Industrials

What to Expect From 3M Earnings

3M_logo
Source: Courtesy 3M Company
3M Co. (NYSE: MMM) is scheduled to report its second-quarter financial results Thursday before the markets open. The consensus estimates from Thomson Reuters call for $2.00 in earnings per share (EPS) on $7.83 billion in revenue. The same period from the previous year had $1.91 in EPS on $8.13 billion in revenue.

This top industrial could really jump with an economic pickup. 3M is closely correlated to U.S. leading economic indicators. The more the indicators continue to improve, the higher the likelihood of strong earnings performance for the company over the rest of the year, and with a huge portfolio of products in multiple silos, 3M certainly has staying power.

One issue for the industrial giant is that the company has a higher than sector average share of earnings from overseas, so any continued rally of the U.S. dollar against other currencies could lead to a decline in Wall Street earnings estimates and the company’s own guidance. With that said, any pickup here domestically could help to offset currency headwinds.

In the previous earnings report there were currency headwinds but those appear to have abated in this quarter. However despite this negative currency translation, the company still grew organically in the second quarter.

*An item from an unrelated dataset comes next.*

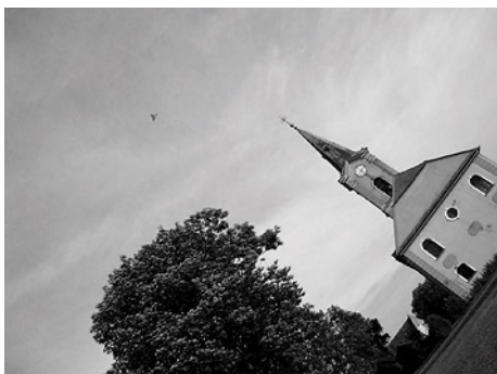
Csőnge ilyen nekünk (2009)

Egy könyvnyi hely – vagy akár több órányi hangfelvétel – is kevés lenne akkor, ha minden odalátogató szeretné elmesélni, hogy mit jelent, mit adott neki ez a Vas megye szívében megbúvó apró település, amely oly szerényen nyújtózkodik a kemenesalji dombok árnyékában, Ostffyasszonyfa és Kenyeri között. Barátságos lakói, békés utcácskái megannyi természeti és történelmi emléket őriznek, szépen csengő neve olyan, mintha Weöres Sándor találta volna ki, hogy így nevezze el egyik képzeletbeli országát: Csönge.
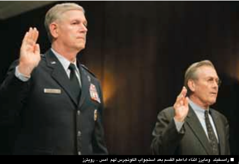
رامسفيلد ومايرز أثناء اداعهم القسم بعد استجواب الكونجرس لهم

وتابعت : إن الغزى من هذا واضح، مشيرة إلى أن دونالد رامسفيلد يجب أن يستقيل، وإن لم يفعل فعلى بوش أن يقله.

In terms of the first quarter earnings, organic local-currency sales grew 3.3% and foreign currency translation reduced sales by 6.5% year-on-year.

In the first quarter earnings report, 3M lowered its full-year earnings expectation from a prior range of $8.00 to $8.30 per share to a new range of $7.80 to $8.10. Currency translation effects are now expected to cut full-year sales by 6% to 7%, up from a prior estimate of 4% to 5%. The current consensus analysts’ estimate calls for full-year EPS of $7.90 on sales of $31.14 billion.

Shares of 3M traded down 0.6% at $154.84 late on Wednesday. The stock has a consensus analyst price target of $168.77 and a 52-week trading range of $130.60 to $170.50.